Archive for the ‘Tools’ Category

Secure remote packet capture and analysis with Wireshark, netcat and SSH

Saturday, November 14th, 2009

I was looking for a reliable way to use Wireshark to monitor(sniff) traffic on several of my remote servers.  Sure there was using tcpdump and then transferring them over and bringing into Wireshark.  Not exactly real time or time saving.

I found some references but not many, and most did not cover the issue of sending pcaps back across insecure connections.  You can’t trust Uncle Sam (or anyone else for that matter) to not peek at your traffic as it passes through peering points.  Eat it, Mr. Fed.  Encryption rocks.

I solved this issue with some port forwarding and netcat.  SSH is incredibly resilient to connectivity interruptions and secure.

You’re going to need to have the following packages installed on both the server and your local workstation.  Use apt-get, yum, aptitude, whatever your distribution warrants.

  1. netcat (http://netcat.sourceforge.net/)
  2. ssh (http://www.openssh.com/)

Wireshark is only needed on your local workstation;

  1. Wireshark (http://www.wireshark.org/)

We have two machines, one the remote host, we’ll call this REMOTE and your local workstation will be LOCAL

At your LOCAL machine, use the following command to setup the necessary ports;

ssh -R 127.0.0.1:3000:127.0.0.1:3000 $REMOTE

Basically, we’re telling ssh to forward port 3000 on localhost on REMOTE to LOCAL at port 3000.  You can choose any combination of ports you desire.  Check the ssh man page for more information and a better explanation.

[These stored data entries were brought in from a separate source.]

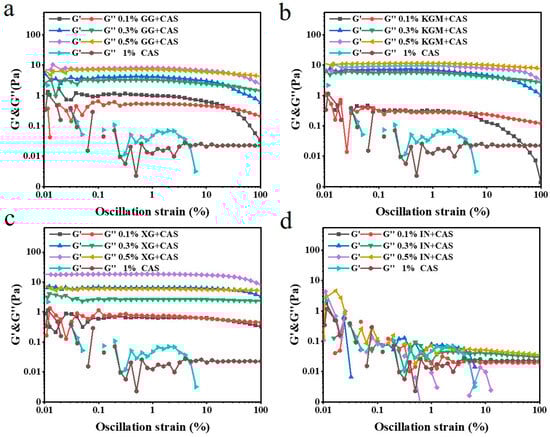 Oscillation amplitude of GG/CAS emulsions (a), KGM/CAS emulsions (b), XG/CAS emulsions (c), and IN/CAS emulsions (d).
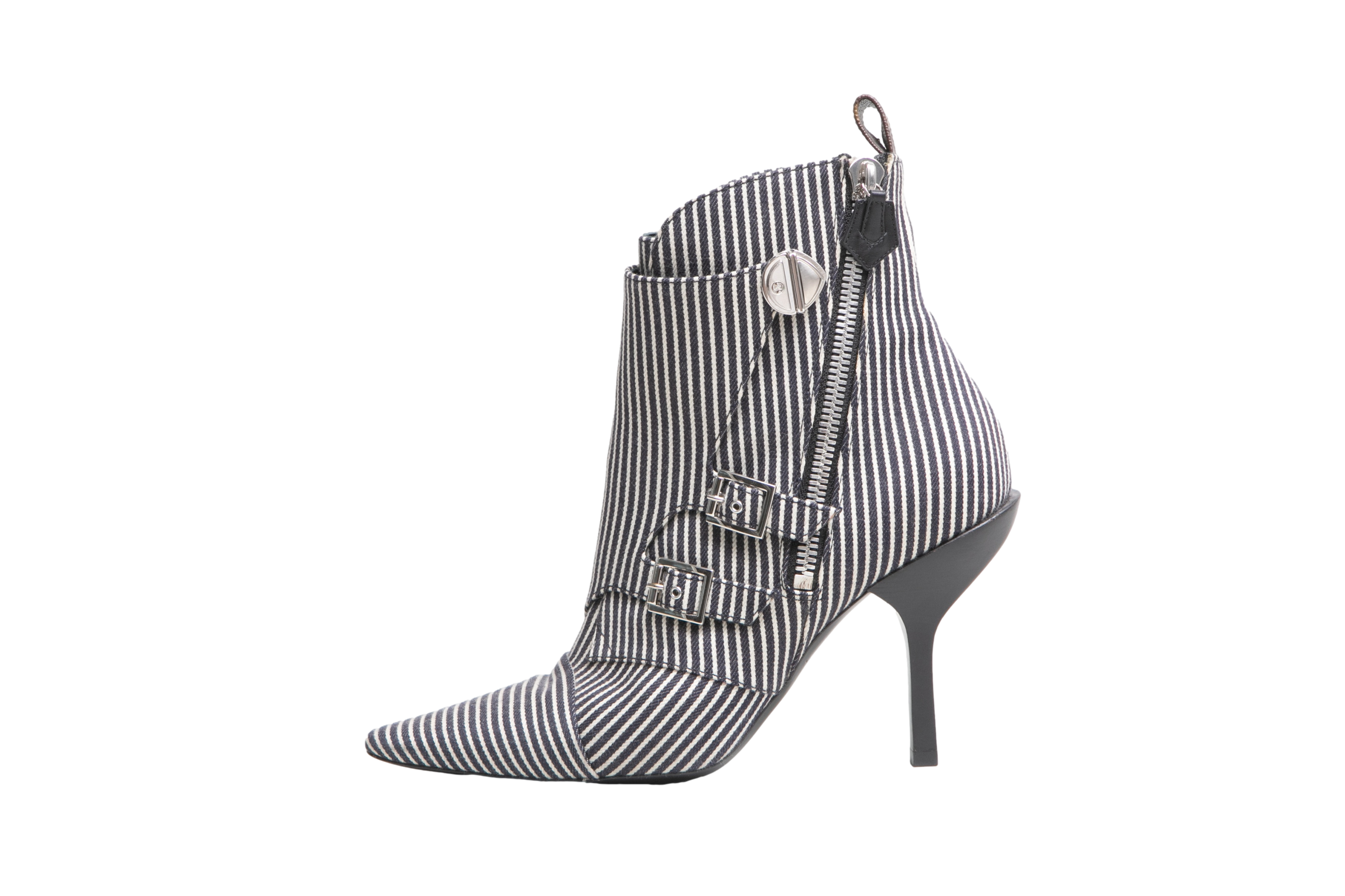 LV Ankle Boots Janet Striped Navy. Peça em perfeito estado, possui sinais de uso na sola e marca no salto. Tamanho: 40 SOLA - 38 BrasilTamanho do salto: 8 cmBota em tecido estampado com listras verticais em preto e branco. O modelo possui bico...- Preço normal
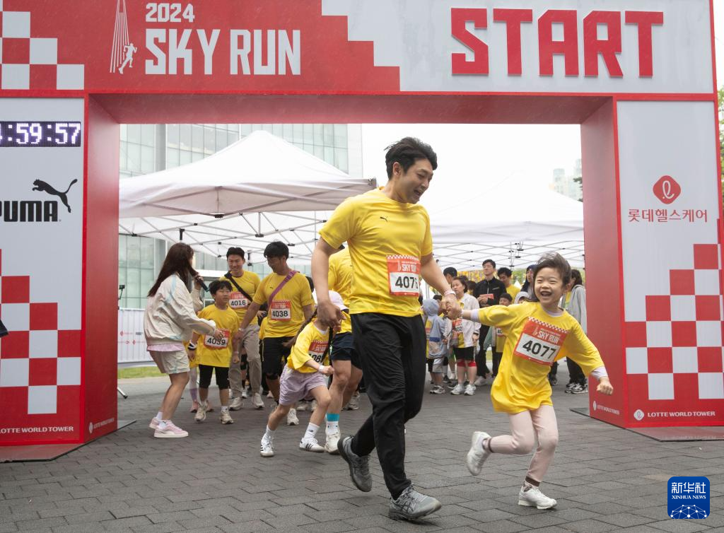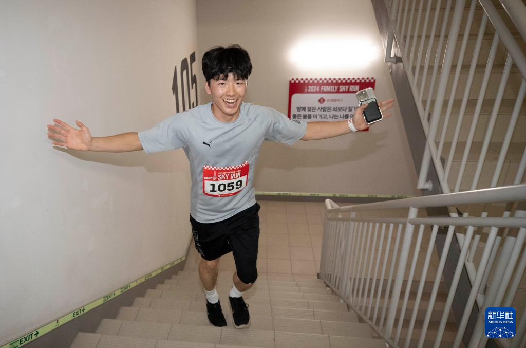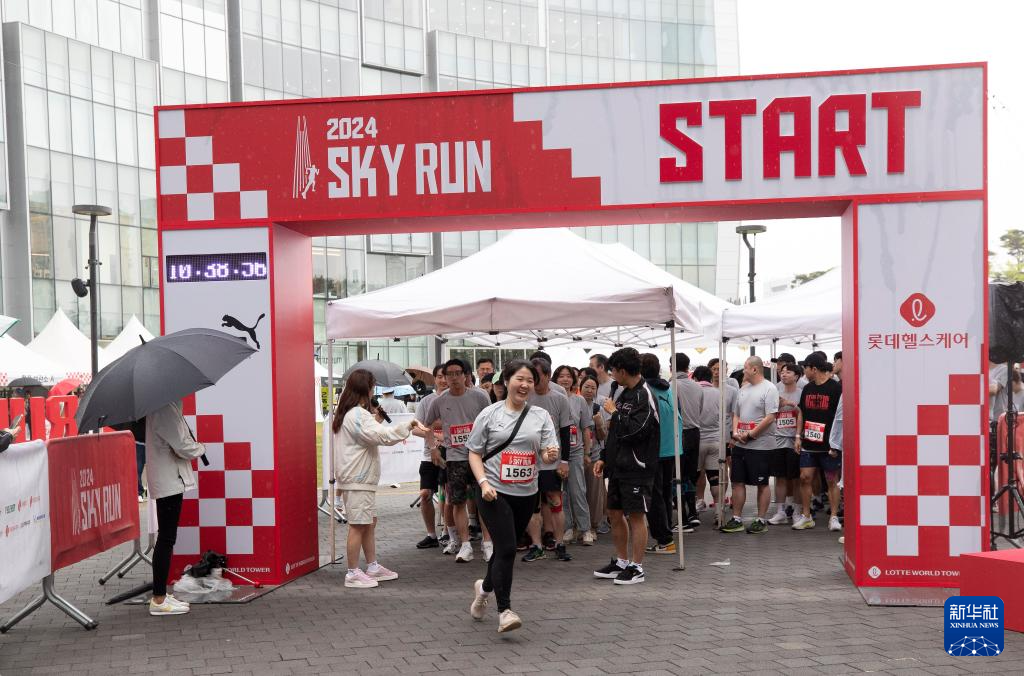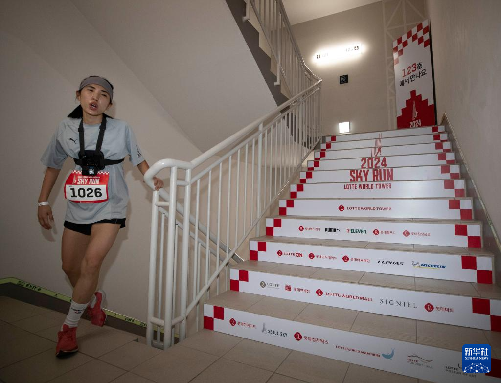 当日,2024乐天世界塔垂直马拉松比赛在韩国首尔举行。2200多名参赛选手需要从乐天世界塔1层攀登至123层,共计2917级台阶。
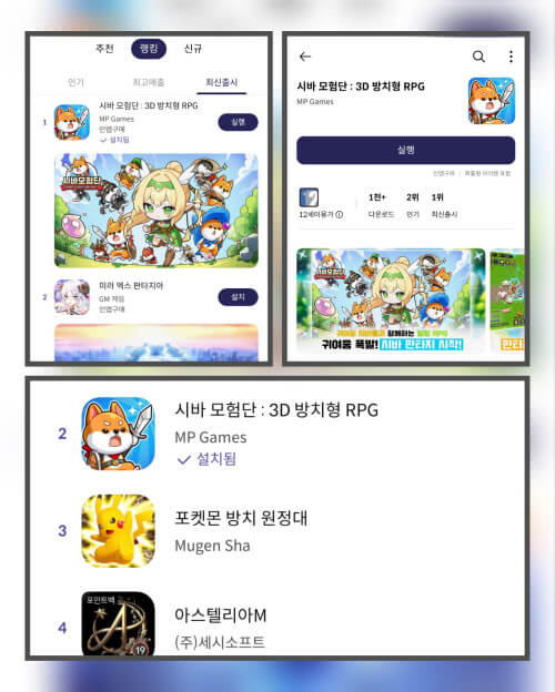 신규 다운로드 1위는 ‘얼마나 많은 이용자들이 출시 직후 게임을 설치했는가’를 보여주는 지표이므로, 시바 모험단이 시장에 강한 인상을 남겼음을 뜻한다.
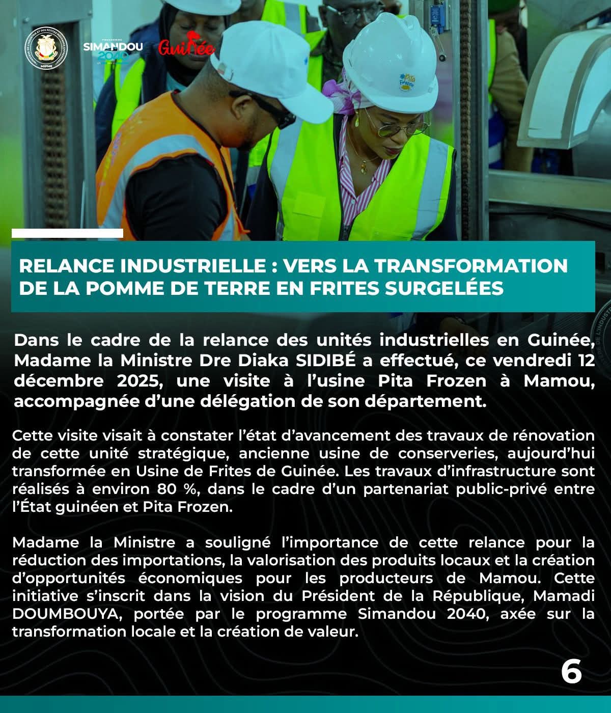 ÉCONOMIENEWS Industrie-PME: Revue des activités de la semaine Par Directeur de Publication - 15 décembre 2025 18253 Facebook Twitter Pinterest WhatsApp Ledenonciateur224.com vous propose l’essentiel de l’actualité au Ministère de l’Industrie et des PME du 08 au 14 décembre 2025. Cellule de la communication Partager : Cliquez pour partager sur Facebook(ouvre dans une nouvelle fenêtre) Facebook Cliquer pour partager sur X(ouvre dans une nouvelle fenêtre) X ARTICLES CONNEXESPLUS DE L'AUTEUR Guinée : l’heure des choix forts pour réussir la refondation Journée mondiale de l’Éducation : l’ONG OMEGA sonne l’alarme sur l’avenir scolaire des enfants guinéens Guinée : le DGA de l’Office Guinéen de Publicité suspendu après des propos jugés diffamatoires LES PLUS POPULAIRESNEWS1680FAITS-DIVERS753POLITIQUE524ÉCONOMIE266SPORT123INTERNATIONAL77

Open a new terminal window on LOCAL and enter the following;

nc -l 127.0.0.1 3000 | wireshark -k -i -

So what we’ve done here is create a listening socket on LOCAL’s localhost on port 3000 and we’re piping that output to wireshark, which we have told to begin capturing immediately ( -k ) and to use STDIN for input ( -i – ).   You should see wireshark startup, and present a message along the lines of “Waiting for capture to begin…” or something.  This is good.

Now we can wander back to REMOTE and issue the following command;

sudo /usr/sbin/tcpdump -i eth0 -w - not host $YOUR_IP | nc 127.0.0.1 3000

Finally, we fire up tcpdump, instructing tcpdump to listen for traffic on eth0, to write it’s output to STDOUT ( -w – ) and to ignore packets that are to or from $YOUR_IP.  We pipe that into netcat (nc) on localhost on port 3000.

At this point, Wireshark should begin to show signs of life.  If you didn’t do so hot then you should double check the commands and try again.

So in a nutshell, we’re using SSH to reverse port forward a port from the remote machine to your local machine, then start a listening socket using netcat, piping it’s output to Wireshark.  Back on the remote machine, tcpdump is started and the output piped to netcat to send over our SSH connection.  How cool is that?

One point I forgot to mention, remember that you will effectively be doubling your traffic for as long as you’re running tcpdump, as you are sending a copy of EVERY packet across the SSH tunnel to Wireshark, well, really only packets that meet your filter criteria, but I’m sure you get the point.

Tags: ,
Posted in Tools, Uncategorized | No Comments »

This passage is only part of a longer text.